>>

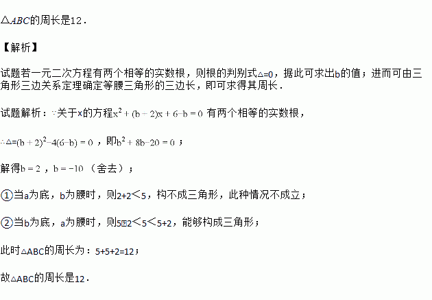 在等腰△ABC中,三边分别为a、b、c,其中a=5,若关于x的方程x2+(b+2)x+6﹣b=0有两个相等的实数根,求△ABC的周长.
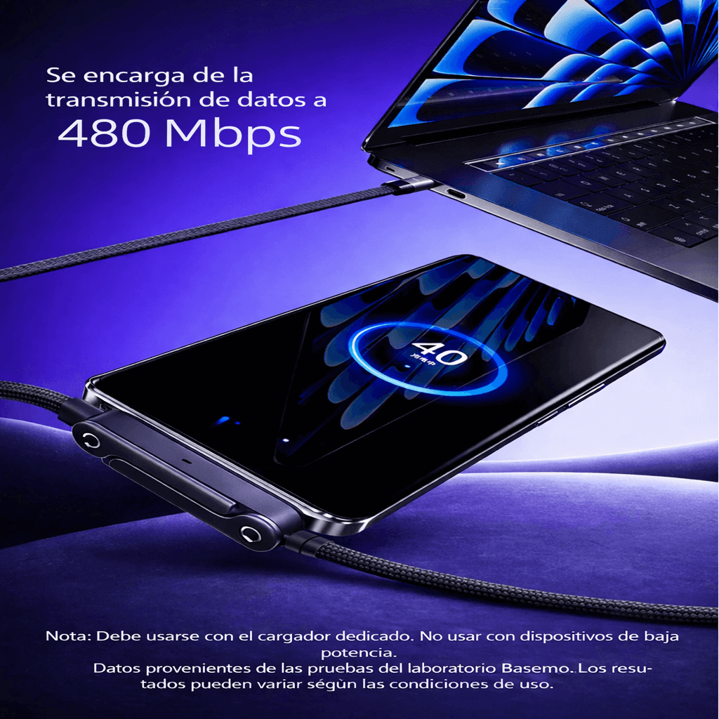 - Carga ultra rápida de hasta 240W : ideal para móviles, tablets y ordenadores portátiles compatibles.
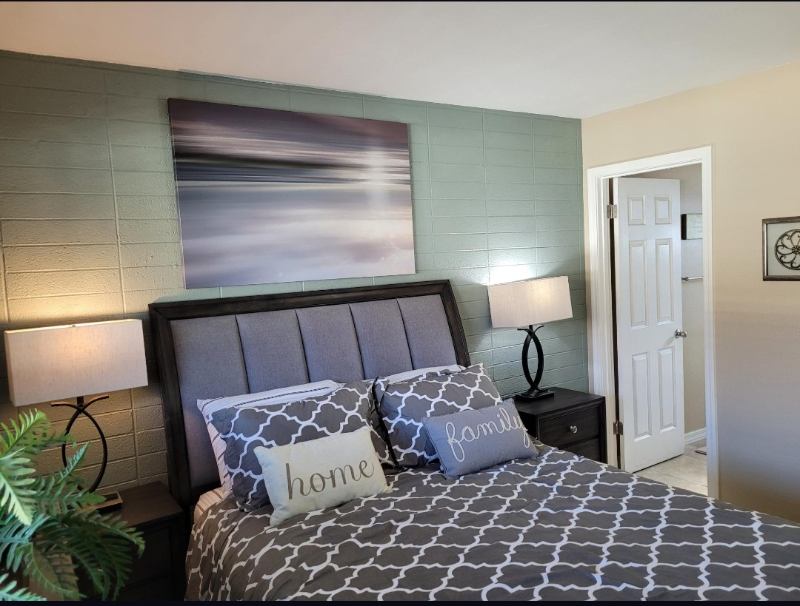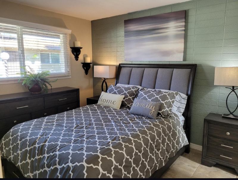 Available April . Completely furnished with brand new bedroom and living room furniture! Newer appliances include microwave range dishwasher refrigerator stainless steel sink upgraded faucets hardware lighting mirrors doors trim paint blinds all tile floors throughout! All you need is your toothbrush and your laptop. Queen bedroom with dresser and closet.
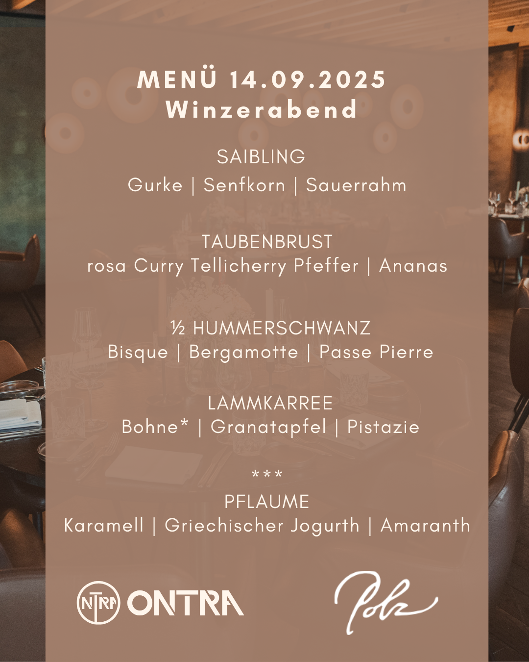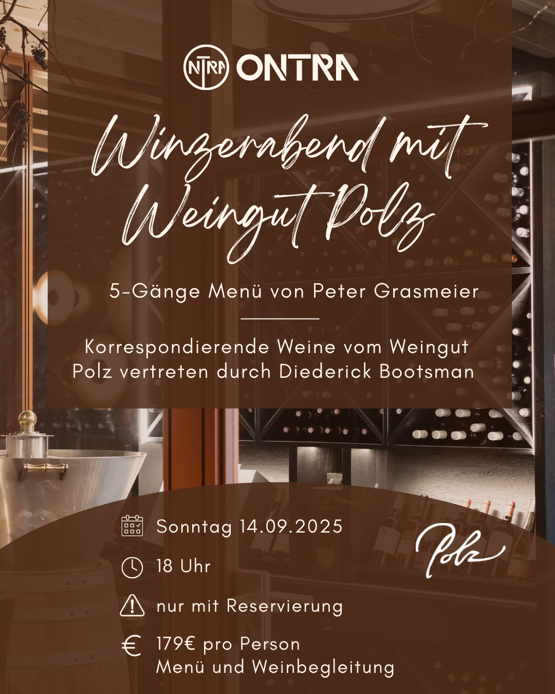 Lass den Sonntag in gemütlicher Atmosphäre ausklingen und genieße einen besonderen Abend mit einer exklusiven Weinverkostung. Erleben Sie das unvergleichliche Gefühl eines 5 Gänge Menü von Peter Grasmeier passend dazu eine Weinreise von Weingut Polz welches vertreten wird durch Diederick Bootsman.
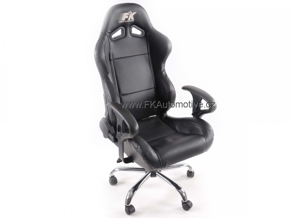 Sportovní kancelářská židle s opěrkami pro závodní pocit v kanceláři, materiál polokůže, nastavitelná výška opěradla, barva černá, včetně područek. Max. nosnost 150kg, chromovaná základna.
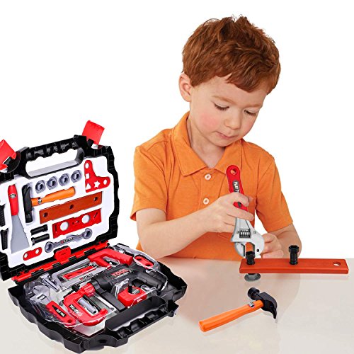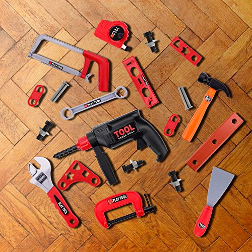 This 24 pieces tool set for kids contains:
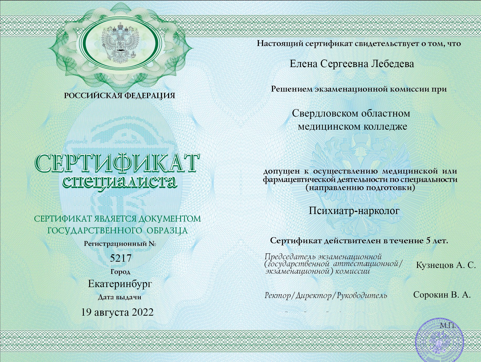 Елена Сергеевна Лебедева врач нарколог клиники доктора Стукаловой в Краматорске
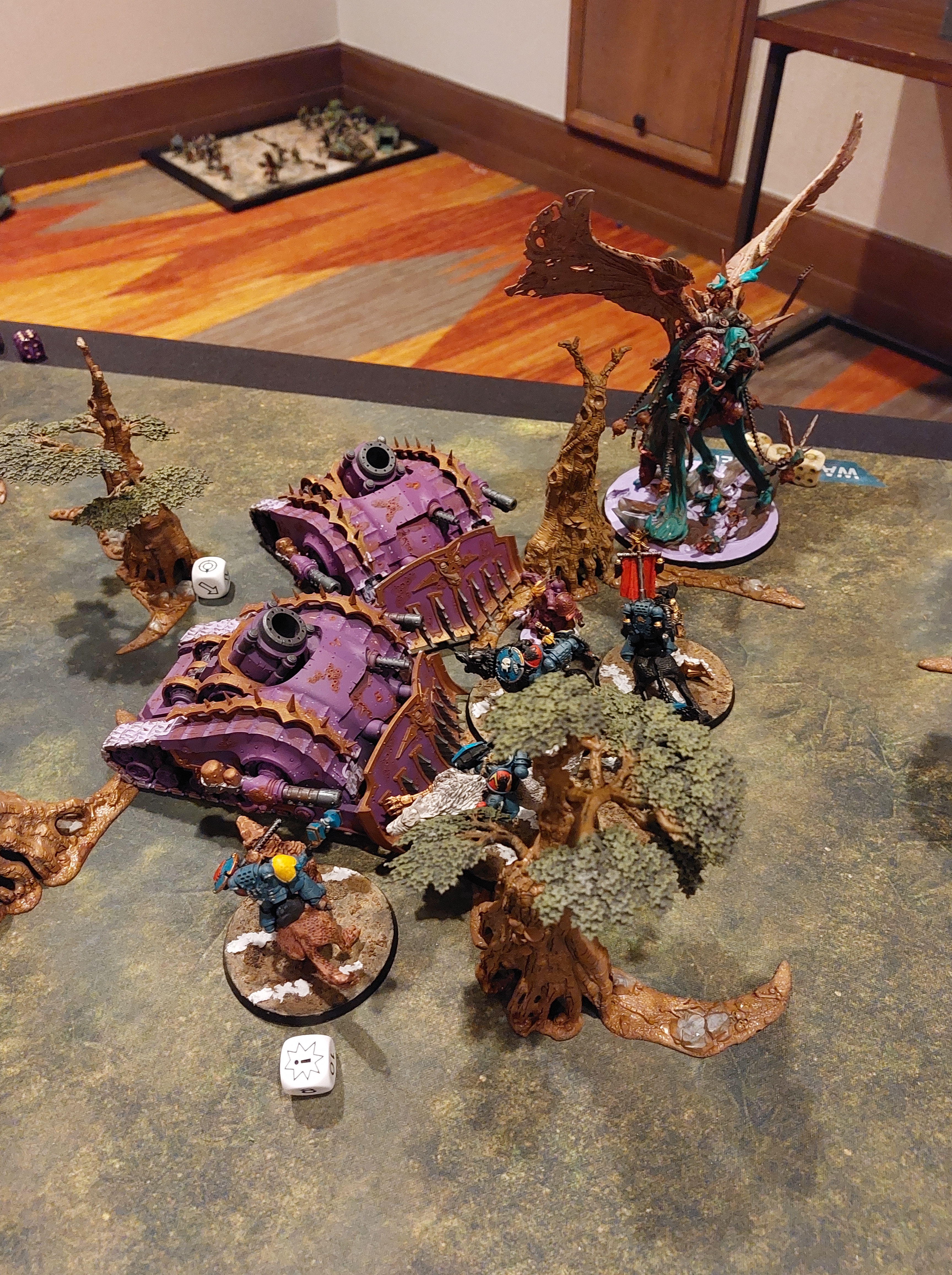 Overall, I was pretty happy with how I played, with 3 victories and 2 losses. The one loss, to Necrons, I think would have been a draw at worse if we had been able to play it all the way out. The loss to the Death Guard was in a game that was so back and forth that I can’t complain about it. I took a combat-focused themed army, with no psychic abilities, pretty much no shooting, into the teeth of two very nasty shooty armies and three equally shredding melee armies. Most importantly, I had a lot of fun and most of my opponents seemed to as well. There wasn’t any of the movement shenanigans or the “trade this unit for that” that I’ve seen with a lot of the competitive play at tournaments. Most of my opponents were there to have fun, to play out themed battles, and to get into the event.
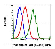 Fig-1: Flow cytometric analysis of A431 cells treated with phosphatase and unstained as negative control (blue) or treated with phosphatase (red) or EGF (green) and stained using Phospho-mTOR (Ser2448) APC conjugated antibody mTORS2448-E11.
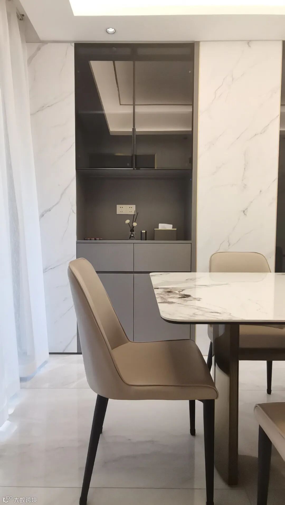 这个餐边柜和玄关柜一样做得非常漂亮,和客厅一样用了大理石纹饰,餐桌的岩板也是同样的纹理。风格上保持了统一。
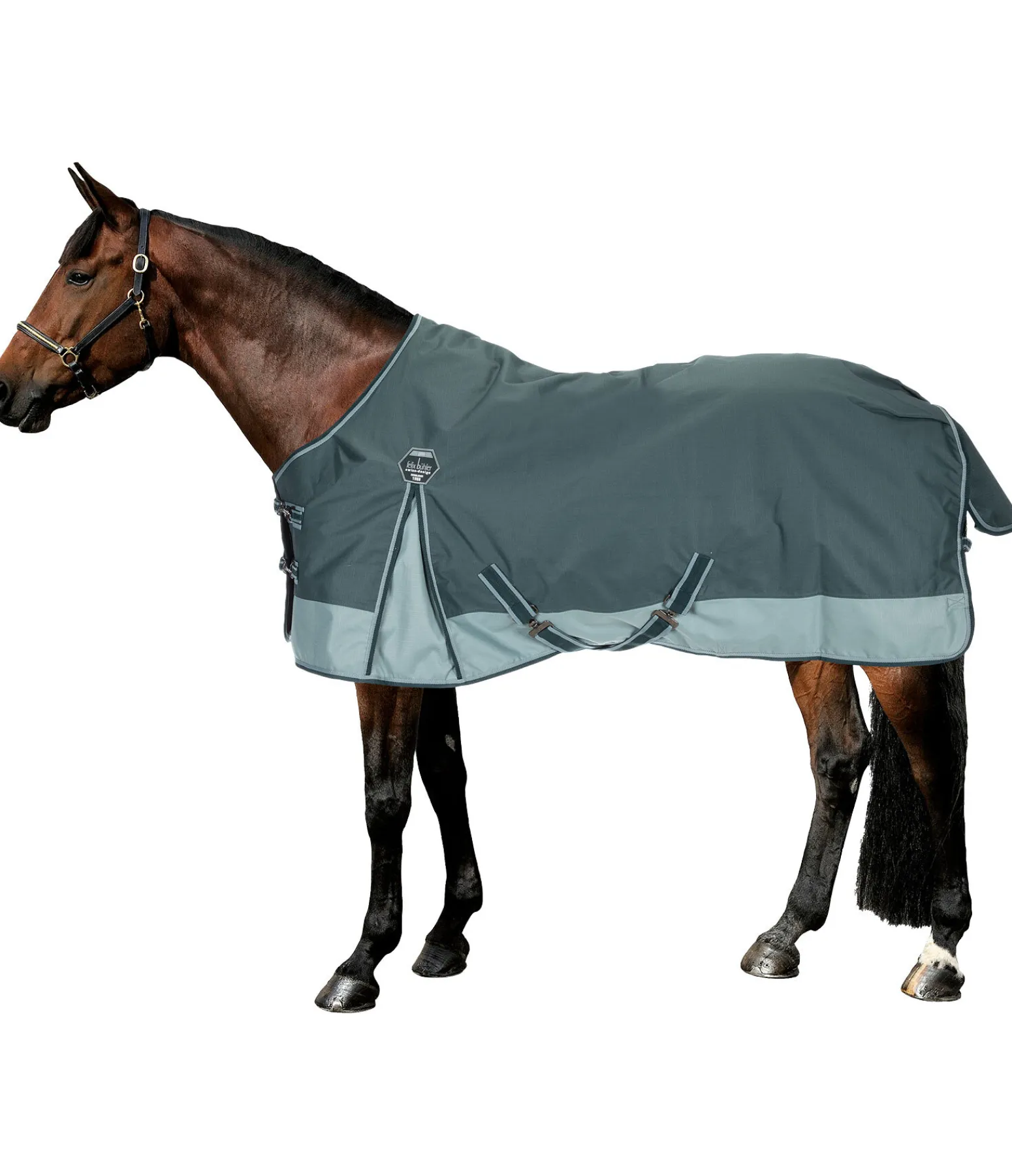 Couverture d’extérieur bicolore résistante et imperméable (3 000 mm) en matière Ripstop solide (1 200 deniers). Coussins au niveau du garrot pour le protéger et éviter les pressions. Garnissage 150 g apportant de la chaleur. Doublure lisse protégeant la robe. Double fermeture de poitrail réglable avec mousquetons et patte auto-agrippante supplémentaire pour un maintien sûr. Grands plis d’aisance pour une liberté de mouvement optimale. Sursangles croisées, anneaux permettant de fixer des courroies de cuisses (non incluses) et courroie de queue réglable. 100 % polyester.

<<

• _EXERCISE GOAL_
Only one stretch of the listing above is to be duplicated: the lines from the one containing "Sportovní kancelářská židle" through the one containing "This 24 pieces", both included. Copy them exactly, minus the pictures.

• _FINAL ANSWER_
 Sportovní kancelářská židle s opěrkami pro závodní pocit v kanceláři, materiál polokůže, nastavitelná výška opěradla, barva černá, včetně područek. Max. nosnost 150kg, chromovaná základna.
 This 24 pieces tool set for kids contains:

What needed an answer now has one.